Leap expects to file an application with the FCC in the near future to transfer
the ChaseTel license to the Company. The bases of the comments filed in
opposition to the AirGate license transfer application would also apply to the
application to transfer the ChaseTel license. The two properties are intended to
serve as initial test markets for Leap's strategy of providing a flat-rate
wireless local area telephone service targeted at the mass consumer market.

    After the close of the first quarter of fiscal 1999, Chilesat met its
obligation to complete certain network build-out milestones as required by its
licensing agreement with the Chilean government.

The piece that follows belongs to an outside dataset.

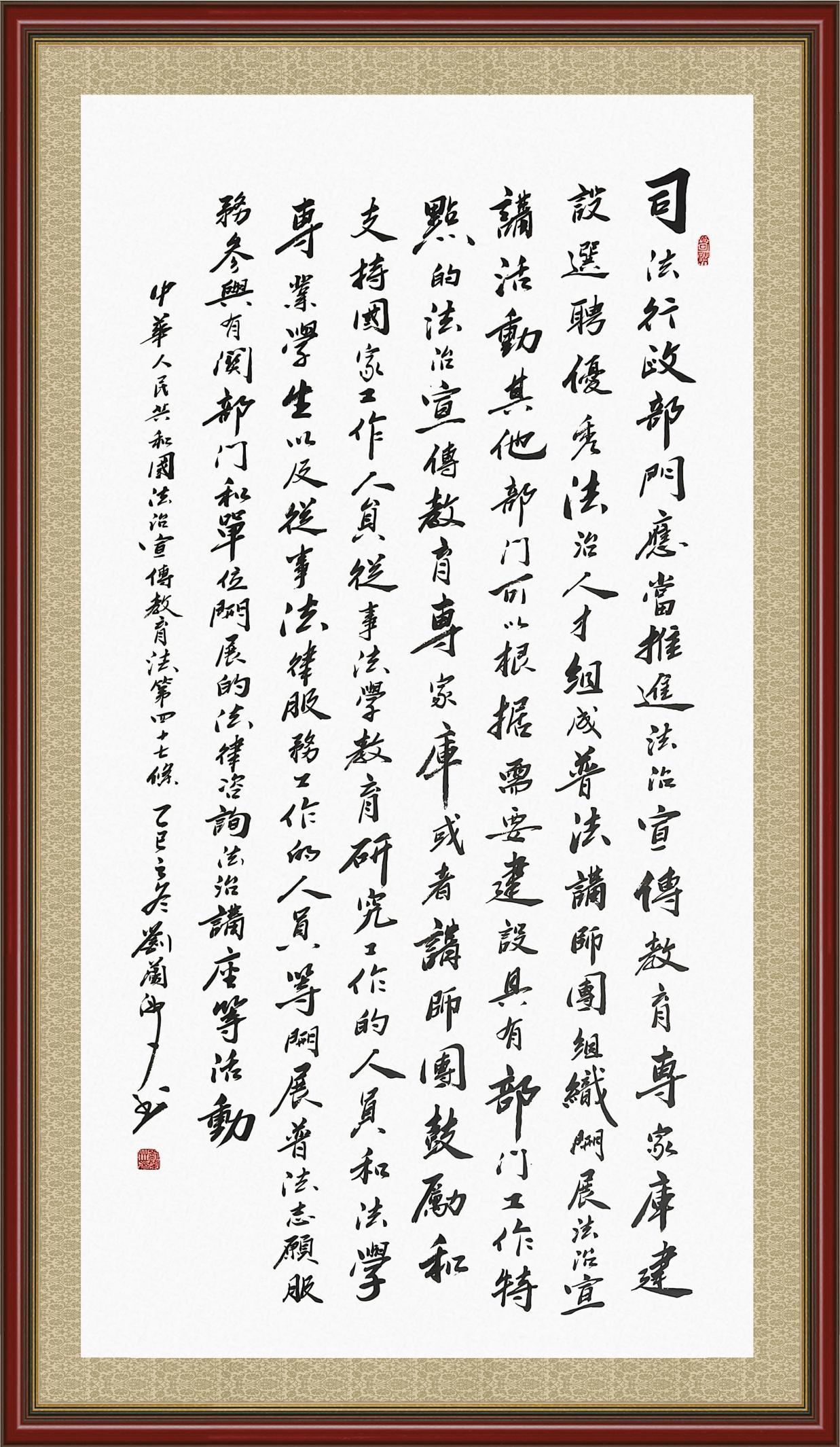 2020年7月11日,由法治日報社主辦的“書·法”系列活動正式啟動,先后書寫《中華人民共和國民法典》《中華人民共和國憲法》《中華人民共和國民營經濟促進法》等21部法律法規(guī)。
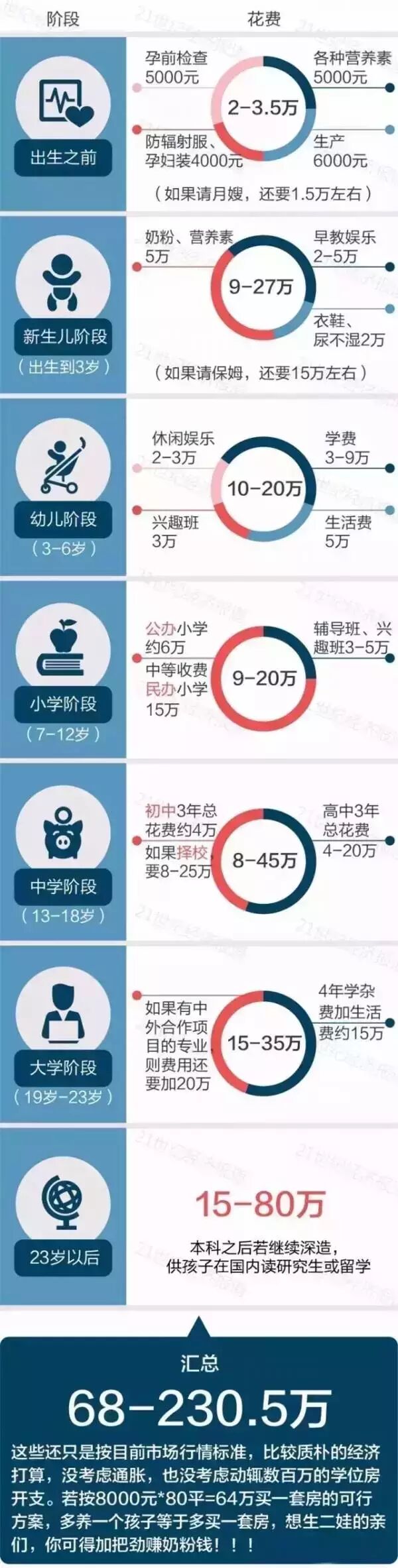 最后结论是,在仙居养大一个小孩总花费约68万元。那么,养大两个小孩呢,一百多万呢~看完以后,小编真是太感谢自己的父母了!然而这只是最最最基本的费用哦!算算你现在的工资,可以养的起几个小孩呢?小编准备蹲墙角哭一下......

    Leap and its operating companies (the "Leap Wireless Operating Companies")
are in the early stages of development and are subject to the risks inherent in
establishing a new business enterprise. Leap's results of operations must be
considered in light of the risks, expenses and difficulties encountered by
companies at this stage of development, particularly companies involved in new
and rapidly evolving international markets and companies experiencing rapid
growth.

    As of the end of the first quarter of fiscal 1999, the Leap Wireless
Operating Companies had not commenced significant commercial revenue generating
operations, and Leap has no other current sources of operating income. Revenues
of the operating companies will be derived primarily from fees and usage charges
after they begin commercial operations. Other sources of revenue may include
equipment sales and activation fees. Start-up wireless telecommunications
companies typically require substantial capital


                                       15
   16


expenditures for the construction of their networks, license fees and license
acquisition costs. These costs are generally capitalized. In addition, such
companies typically incur significant marketing and other expenses as they begin
commercial operations. Accordingly, as the Leap Wireless Operating Companies
incur increased operating costs and begin to amortize capitalized start-up
costs, Leap's proportionate share of the net losses of its operating companies
will grow.

RESULTS OF OPERATIONS

FIRST QUARTER FISCAL YEAR 1999 COMPARED TO FIRST QUARTER FISCAL YEAR 1998

    The Company's net loss in the first quarter of fiscal 1999 was $11.4 million
compared to a net loss of $1.7 million in the corresponding period of the prior
fiscal year.

    Equity in net loss of unconsolidated wireless operating companies for the
first quarter of fiscal 1999 was $7.5 million, compared to $1.0 million for the
first quarter of fiscal 1998. The increase consisted primarily of increased Leap
Wireless Operating Company expenses (such as salaries and related benefits,
overhead expenses and professional and consulting fees) associated with license
acquisitions, network development, and marketing activities, increased interest
expense on borrowings, and losses from Orrengrove Investments Ltd., which was
acquired during fiscal 1998.

    General and administrative expenses were $4.4 million in the first quarter
of fiscal 1999, compared to $0.7 million in the same period in the prior fiscal
year. The increase is attributed primarily to increased Company staffing and
business development activity related to creating a wireless operating company
in the United States. The Company expects that general and administrative
expenses will continue to increase and that the amounts presented will not be
indicative of future periods due to the pending acquisition and consolidation of
ChaseTel. The Company also expects that it will continue to add to its
managerial resources as it expands its involvement in wireless projects in
various other parts of the world.

    Interest income for the first quarter of fiscal 1999 was $1.5 million,
primarily from the Company's loans to the Leap Wireless Operating Companies.
Interest expense for the first quarter of fiscal 1999 was $1.0 million due to
borrowings from banks and under the credit facility with QUALCOMM. There was no
interest income or expense during the first quarter of fiscal 1998.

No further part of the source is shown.